Dataset items

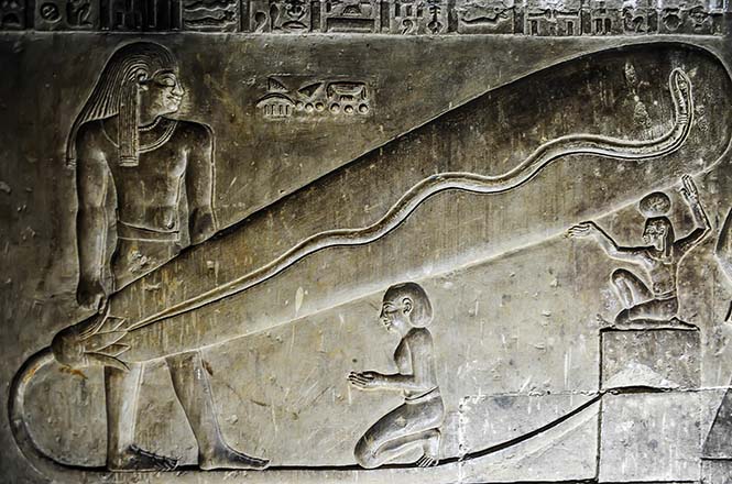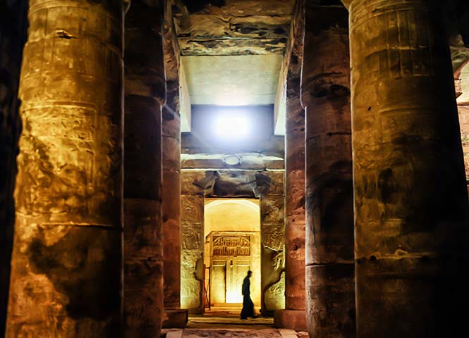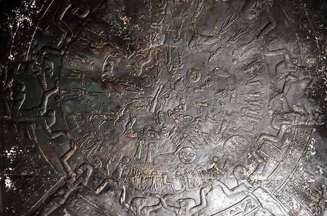 穿过狭窄的楼梯甬道,到达神庙二层,通过梯子可以爬进一个密室阁楼,这里藏着大名鼎鼎的黄道十二宫图。如果不看攻略,一般不会注意到这个天花板上黑漆漆的放射状圆形图案——古埃及人、巴比伦人和亚叙人共同贡献了古代的黄道十二宫系统。不过存于丹达拉神庙的是复制品,真品被收藏于法国卢浮宫,没错,当年拿破仑军队远征埃及的时候掠走的。除了二层的密室阁楼,丹达拉神庙的地下室也不容错过,地下室的入口被破旧的木门掩着,里边空气有点浑浊,通道狭小需要半蹲着前行,慕名前往是因为这里有古代的黑科技——浮雕上展示着类似于电灯泡的东西,引发了历史学家的讨论,甚至把古埃及文明跟外星人又一次联系到一起。
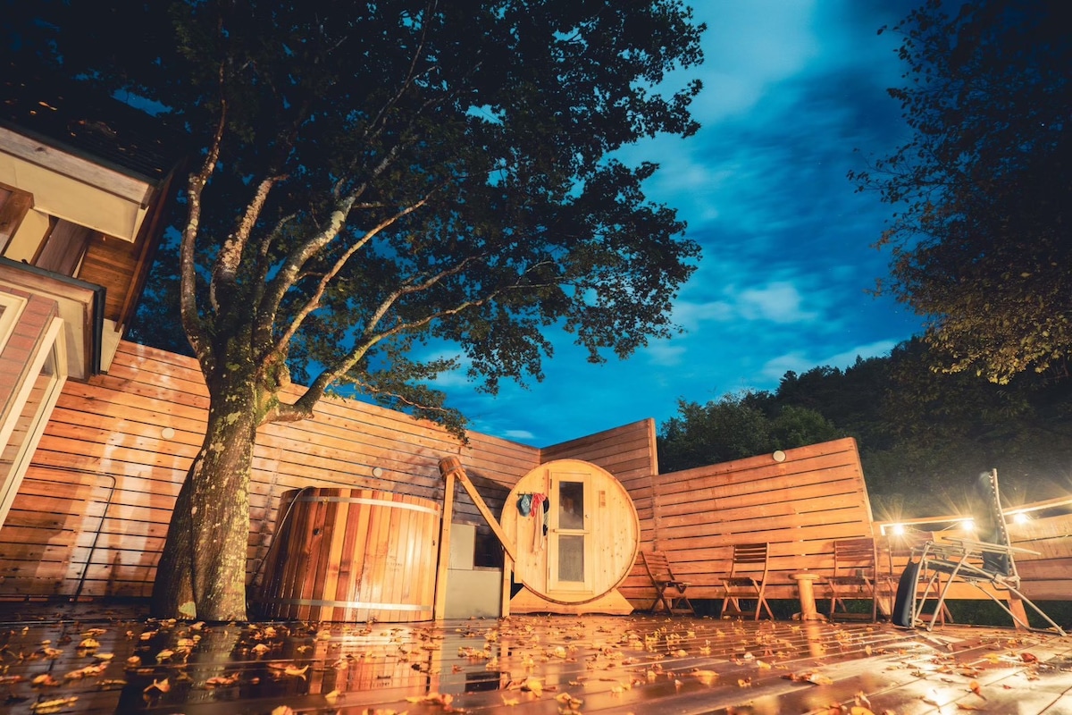 Abraza y corazón por naturaleza. Sauna Cottage Akiu es un espacio de sanación privado y privado donde la naturaleza de Sendai y Akiyo se mezcla con la sauna. A unos 40 minutos en auto del centro de Sendai. En la tierra de Akiu, llamada "Sendai's Okuzashiki", la cabaña de sauna Akiu es una casa de alquiler que se siente como un escondite. La posada está equipada con una sauna finlandesa. Puedes ajustar la temperatura y la humedad a tu gusto, así como un baño de refrigeración seleccionado por los entusiastas de la sauna. Puedes disfrutar de tu propia receta. Uno de los encantos de esta posada es que en las noches de verano, se puede disfrutar del cielo estrellado que se extiende por el cielo. En la naturaleza tranquila, el cielo estrellado mientras te refrescas después de la sauna es excepcional. Rodeado de "Santuario Akihabo", que consagra al dios de la suerte, y "Akihabo Otaki" con hermosas hojas de otoño, También hay muchos restaurantes donde puedes disfrutar de platos hechos con ingredientes locales. También es una base ideal para hacer turismo y alojamiento.
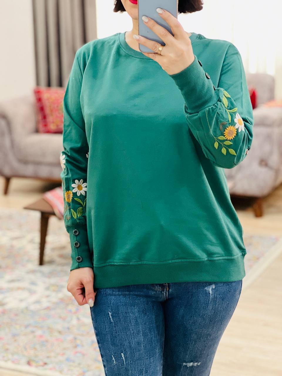 جنس پنبه گلکسی / حدودا 10 سانت کشسانی دارد / رنگ ثابت / گلدوزی شده / مچ دکمه دارد / کمه ها باز نمیشه / قواره ی هر تولیدی با تولیدی دیگر متفاوت است لطفا حتما سانت در نظر بگیرید
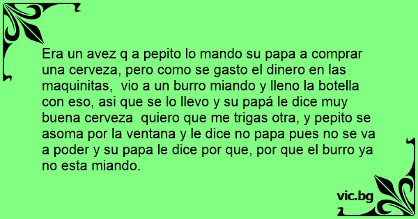 Era un avez q a pepito lo mando su papa a comprar una cerveza, pero como se gasto el dinero en las maquinitas, vio a un вurrо miando y lleno la botella соn eso, asi que se lo llevo y su papá le dice muy buena cerveza quiero que me trigas otra, y pepito se asoma por la ventana y le dice no papa pues no se va a poder y su papa le dice por que, por que el вurrо ya no esta miando.
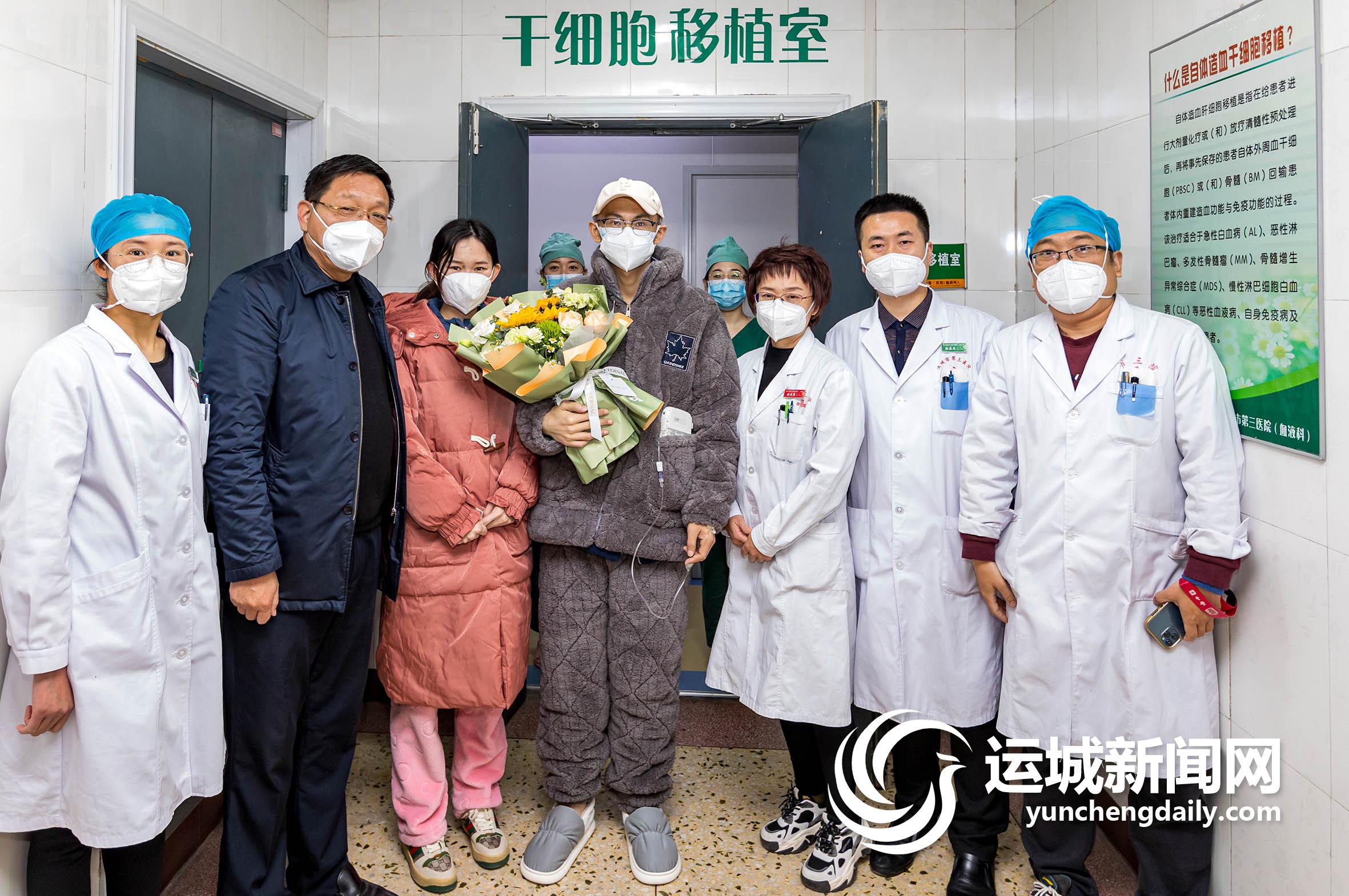 市第三医院血液一科主任、副主任医师彭英杰介绍,患者男性,盐湖区人,今年28岁,诊断为重型再生障碍性贫血,移植的是他妹妹的造血干细胞,采用的是同胞全相合异基因造血干细胞移植。

**WORK ITEM**
Output all of the data exactly. Skip the pictures.

**RESULT**
 穿过狭窄的楼梯甬道,到达神庙二层,通过梯子可以爬进一个密室阁楼,这里藏着大名鼎鼎的黄道十二宫图。如果不看攻略,一般不会注意到这个天花板上黑漆漆的放射状圆形图案——古埃及人、巴比伦人和亚叙人共同贡献了古代的黄道十二宫系统。不过存于丹达拉神庙的是复制品,真品被收藏于法国卢浮宫,没错,当年拿破仑军队远征埃及的时候掠走的。除了二层的密室阁楼,丹达拉神庙的地下室也不容错过,地下室的入口被破旧的木门掩着,里边空气有点浑浊,通道狭小需要半蹲着前行,慕名前往是因为这里有古代的黑科技——浮雕上展示着类似于电灯泡的东西,引发了历史学家的讨论,甚至把古埃及文明跟外星人又一次联系到一起。
 Abraza y corazón por naturaleza. Sauna Cottage Akiu es un espacio de sanación privado y privado donde la naturaleza de Sendai y Akiyo se mezcla con la sauna. A unos 40 minutos en auto del centro de Sendai. En la tierra de Akiu, llamada "Sendai's Okuzashiki", la cabaña de sauna Akiu es una casa de alquiler que se siente como un escondite. La posada está equipada con una sauna finlandesa. Puedes ajustar la temperatura y la humedad a tu gusto, así como un baño de refrigeración seleccionado por los entusiastas de la sauna. Puedes disfrutar de tu propia receta. Uno de los encantos de esta posada es que en las noches de verano, se puede disfrutar del cielo estrellado que se extiende por el cielo. En la naturaleza tranquila, el cielo estrellado mientras te refrescas después de la sauna es excepcional. Rodeado de "Santuario Akihabo", que consagra al dios de la suerte, y "Akihabo Otaki" con hermosas hojas de otoño, También hay muchos restaurantes donde puedes disfrutar de platos hechos con ingredientes locales. También es una base ideal para hacer turismo y alojamiento.
 جنس پنبه گلکسی / حدودا 10 سانت کشسانی دارد / رنگ ثابت / گلدوزی شده / مچ دکمه دارد / کمه ها باز نمیشه / قواره ی هر تولیدی با تولیدی دیگر متفاوت است لطفا حتما سانت در نظر بگیرید
 Era un avez q a pepito lo mando su papa a comprar una cerveza, pero como se gasto el dinero en las maquinitas, vio a un вurrо miando y lleno la botella соn eso, asi que se lo llevo y su papá le dice muy buena cerveza quiero que me trigas otra, y pepito se asoma por la ventana y le dice no papa pues no se va a poder y su papa le dice por que, por que el вurrо ya no esta miando.
 市第三医院血液一科主任、副主任医师彭英杰介绍,患者男性,盐湖区人,今年28岁,诊断为重型再生障碍性贫血,移植的是他妹妹的造血干细胞,采用的是同胞全相合异基因造血干细胞移植。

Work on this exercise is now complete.